Forman, Seitz and Adams, Circuit Judges.

Author: Seitz


SEITZ, Circuit Judge.

Plaintiff, administratrix of the estate of a longshoreman, appeals an order of the district court refusing to set aside a directed verdict for defendant and grant a new trial.

Claiming negligence and unseaworthiness, plaintiff sued the defendant shipowner under the Pennsylvania Wrongful Death and Survival statutes for damages resulting from the death of Albert J. Hines. Decedent was a deckman for the stevedore company that was loading defendant's ship at the time of the accident.

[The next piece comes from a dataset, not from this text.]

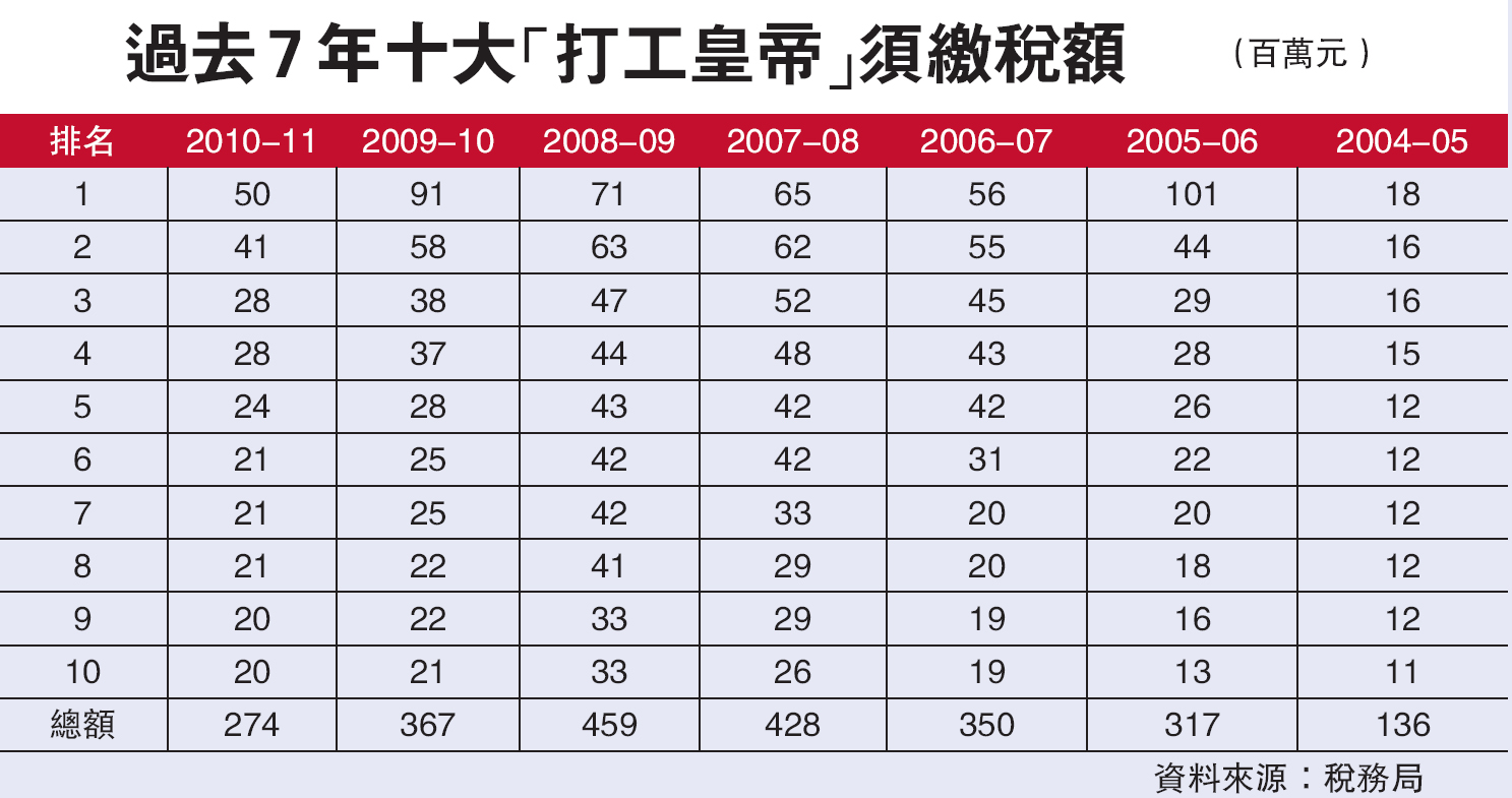 稅務局公布一○至一一年度首十名繳交薪俸稅最多的納稅人名單,榮膺「打工皇中皇」需繳交五千萬元稅額,較○九至一○年度的九千一百萬元,大幅「縮水」四成五,是自○四至○五年以來新低。以現時薪俸稅標準稅率百分之十五計算,估計「打工皇中皇」其全年收入有三點三三億元,平均月薪達二千七百多萬元,較○九至一○年度的「打工皇中皇」全年收入達六點零六億元,平均月薪逾五千萬元,「打工皇中皇」收入「縮水」近半。

He was found dead at the bottom of No. 5 hatch of defendant's vessel at about 1:15 p.m. on July 9, 1965. The medical testimony established that he died from multiple injuries, thus justifying an inference that he fell through the hatch. The decedent was not authorized to go into the No. 5 hatch, and it was not being used by the longshoremen in loading the ship. A post-mortem examination revealed that the decedent was suffering from acute ethyl-alcohol intoxication, having 290 milligrams of alcohol in his blood and urine.

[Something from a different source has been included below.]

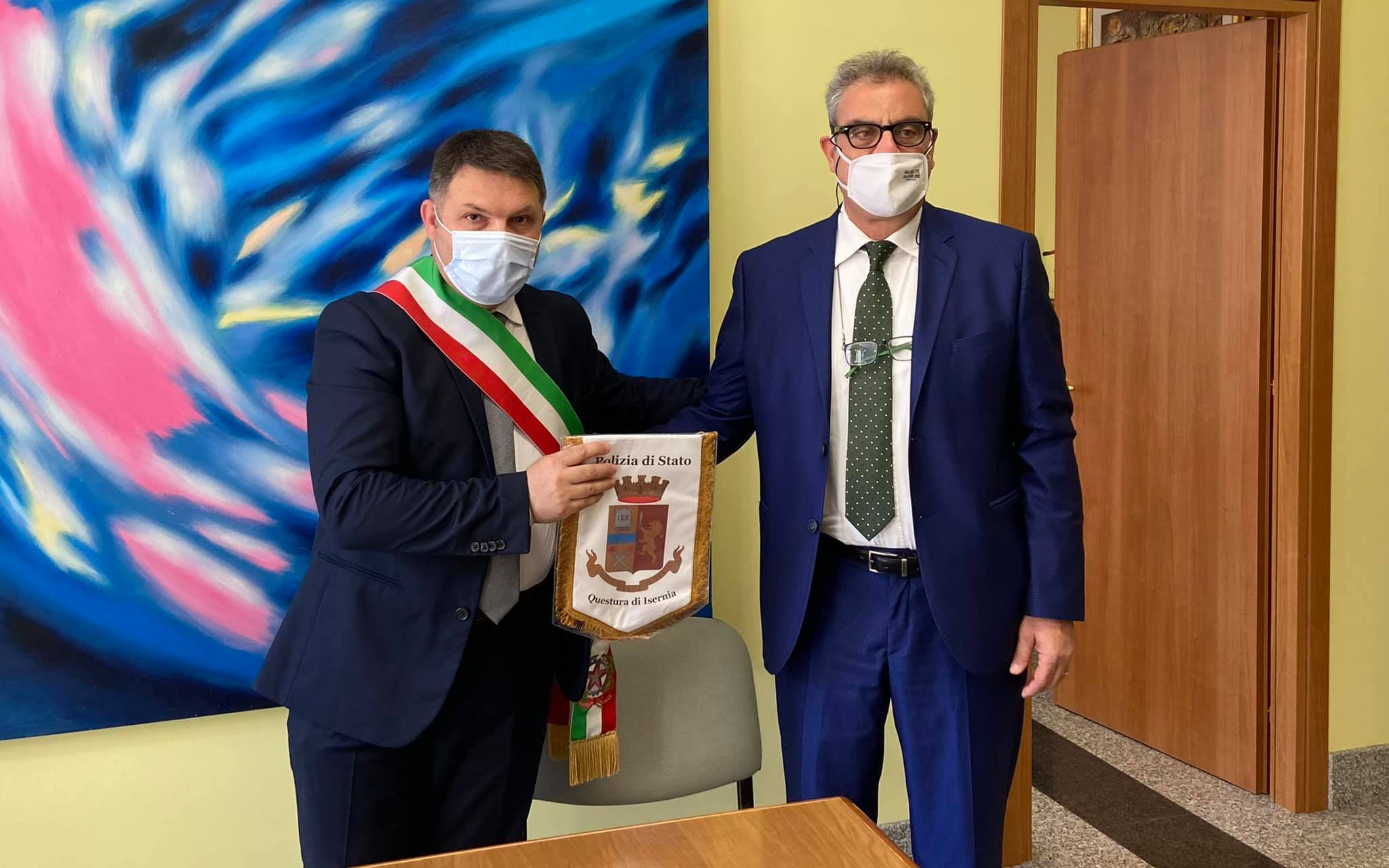 Ieri mattina il Questore di Isernia, Luciano Soricelli, insieme al Vice Questore, Maria Zoccolillo, si è recato in visita alla città di Agnone. Il Questore è stato accolto presso la sede comunale alla presenza del Generale Sergio Testini, del Capo distaccamento della Polizia Stradale, Raffaele Di Niro e del comandante della stazione Carabinieri di Agnone luogotenente Francesco Leomanni. Durante l’incontro, spiegano dal Municipio, si è discusso in merito alla gestione dei futuri eventi che avranno luogo ad Agnone. A seguito della riunione organizzativa, il Questore, insieme al Vice Questore, è stato accompagnato in una visita guidata alle attrazioni del paese: dalla Pontificia Fonderia delle Campane al Museo del Rame, dalla Biblioteca Emidiana a Palazzo San Francesco. «L’amministrazione comunale ringrazia il Questore Soricelli per la sensibilità e la disponibilità dimostrate nei confronti del nostro amato paese».

Plaintiff contends that the district court erred in directing a verdict because there were three negligence issues which should have gone to the jury*fn1

1. Whether the ship's captain should have seen the decedent drinking and/or drunk in the morning.

2. Whether the officer on duty should have seen the decedent in his drunken condition in the afternoon.

3. Whether there was an officer on duty at the time of the accident.

We think it fair to infer at the outset that defendant agrees that had its officers actually been aware of decedent's intoxicated condition, they would have been under a duty to safeguard him by notifying his superior in the stevedore company. But plaintiff produced no evidence which would even remotely justify an inference that defendant's officers were actually aware of decedent's condition. Plaintiff's first two negligence claims, thus, must be based on what the ship's deck officers reasonably should have seen. Assuming without deciding that such a duty exists, we turn to a consideration of whether plaintiff offered sufficient evidence of a breach of that duty to create a jury issue.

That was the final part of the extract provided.